Here I quote Dainin Katagiri: "As long as you see things from a human perspective it is hard to realize what is going on. That is why you must see things from a universal perspective."

With regard to that idea, I would often think to myself. What is the greatest sight of depth one can achieve? I have realized many things, things I couldn't even begin to describe. It is great to have these deep conceptions, but it is often that others couldn't have such explained. I have recognized life in a very abstract perspective, in which I have lost concern for what I consider to be unimportant. It is like developing such a hunger that you can no longer eat just one sandwich, but two and so on.

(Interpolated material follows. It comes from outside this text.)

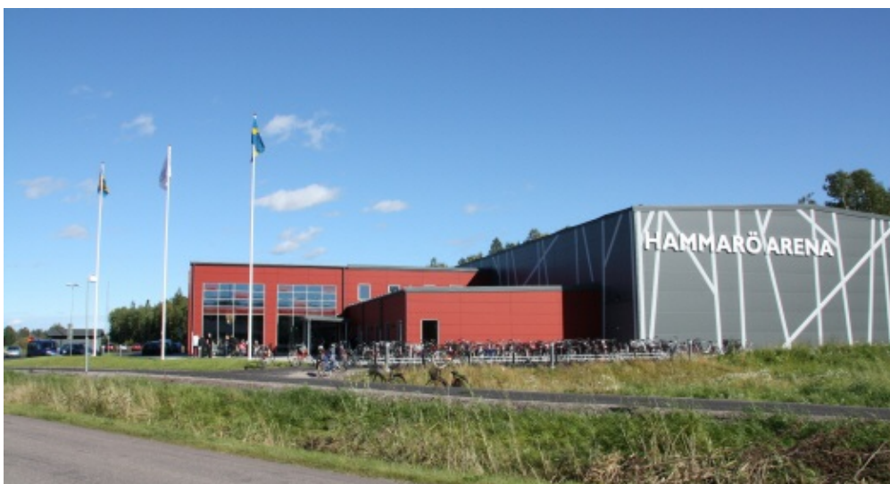
Hammarö Arena

Still in high school, my peers will bring up so many unnecessary, dry/vague, uninteresting conversations in which I just want to back-hand them across the face. Perhaps, it is to the point where my best friend can tell me he is going to be a father, and I would respond with a calm "Oh, that's great," (I don't really care so much). Well of course I would, just not so much. I usually only enjoy deep, philosophical conversations or sarcastic arguments. Life in America just seems so dull for me. I mean, people want to talk only about these, small-talk things. Ironically, I may seem like the most boring person you could meet, yet I may see life much more excitingly than you (you being a variable). I may murder someone on accident, sit in anxiety, and laugh about it if I want to. Maybe even go play video games if so. I consider my self very unbias. I don't get offended easily, and I would want nothing in honor to me for anything, be it my death or whatever.

So, all these being factors of my "universal" perspective, I see things much differently than the common foe. There is so much more I would like to describe, but that is all I can currently handle. Reality is what seems to confuse me, my understanding remaining within this crazy world of the inner mind. What aspects of life may you see? Or not.